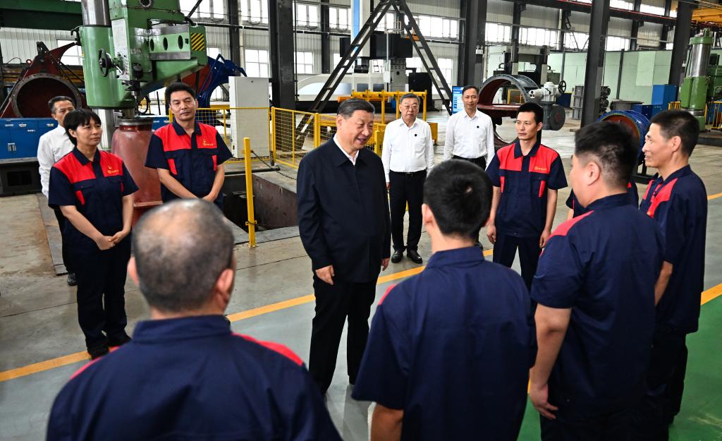 YANGQUAN, Shanxi, 7 juillet (Xinhua) -- Xi Jinping, secrétaire général du Comité central du Parti communiste chinois, a inspecté lundi après-midi une entreprise de fabrication de vannes à Yangquan, dans la province chinoise du Shanxi (nord), où il s'est informé des efforts déployés par la province pour promouvoir la transformation et la montée en gamme des industries, ainsi que le développement de haute qualité.
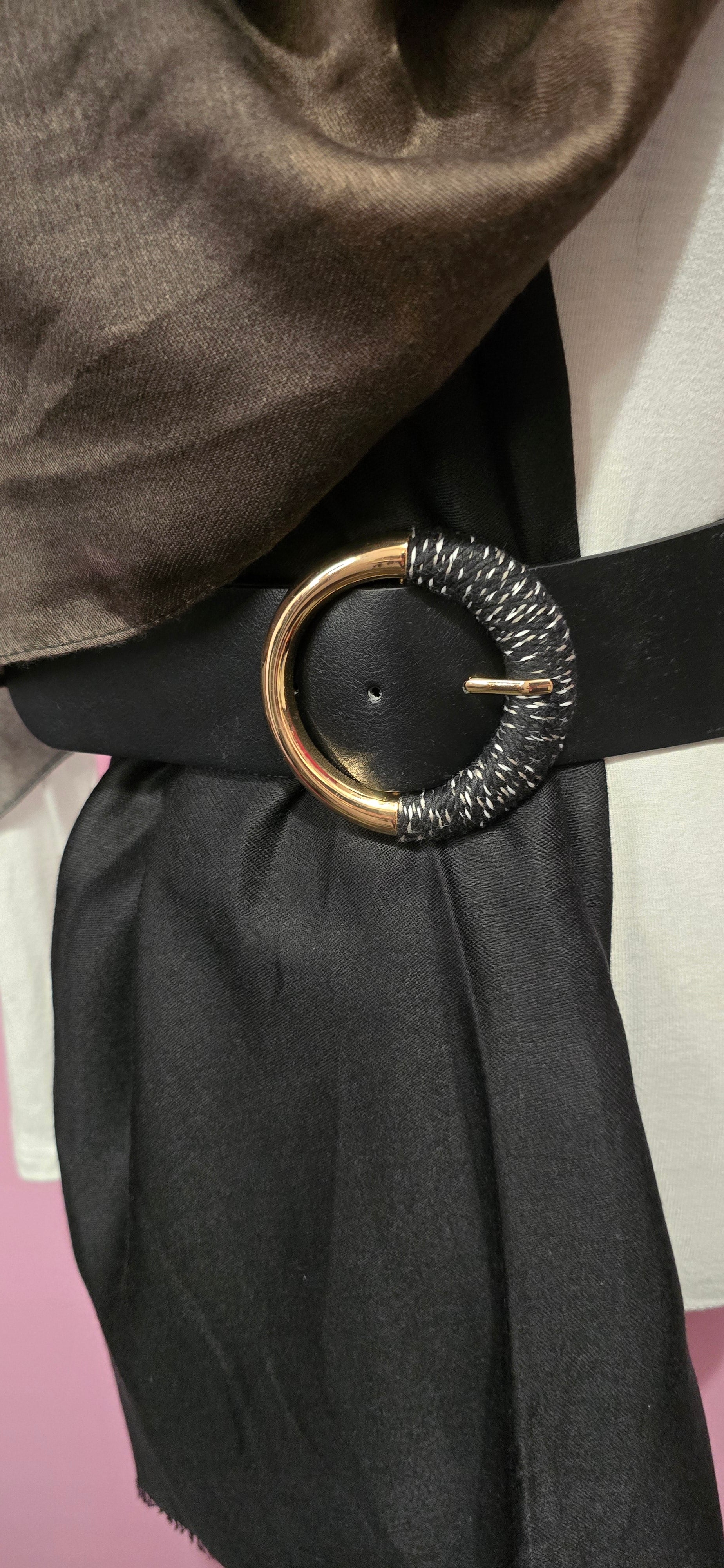 Cintura realizzata in eco nera sostenibile, perfetta per completare qualsiasi outfit con stile. Caratterizzata da una maxi fibbia elastica che garantisce comfort e praticità, si adatta facilmente a diverse taglie. Il design versatile la rende ideale per occasioni casual e più formali, mentre il materiale ecologico rispecchia un impegno verso la moda consapevole. Un accessorio essenziale che unisce estetica e responsabilità ambientale.
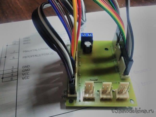 Печатная плата с тремя модулями управления (начало сборки):
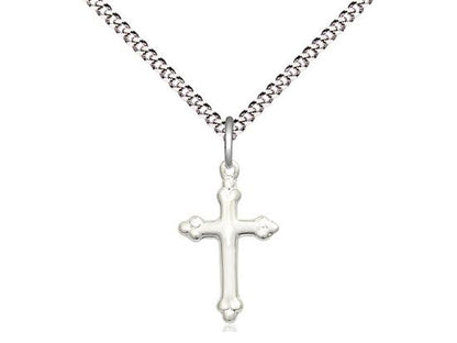 Sterling Silver Cross Pendant on a 18 inch Light Rhodium Light Curb Chain.

########################################

> PROBLEM DESCRIPTION
Here the lines from the one containing "Печатная плата с" through the end of the material are to be copied exactly, with the pictures omitted.

> PROBLEM SOLUTION
 Печатная плата с тремя модулями управления (начало сборки):
 Sterling Silver Cross Pendant on a 18 inch Light Rhodium Light Curb Chain.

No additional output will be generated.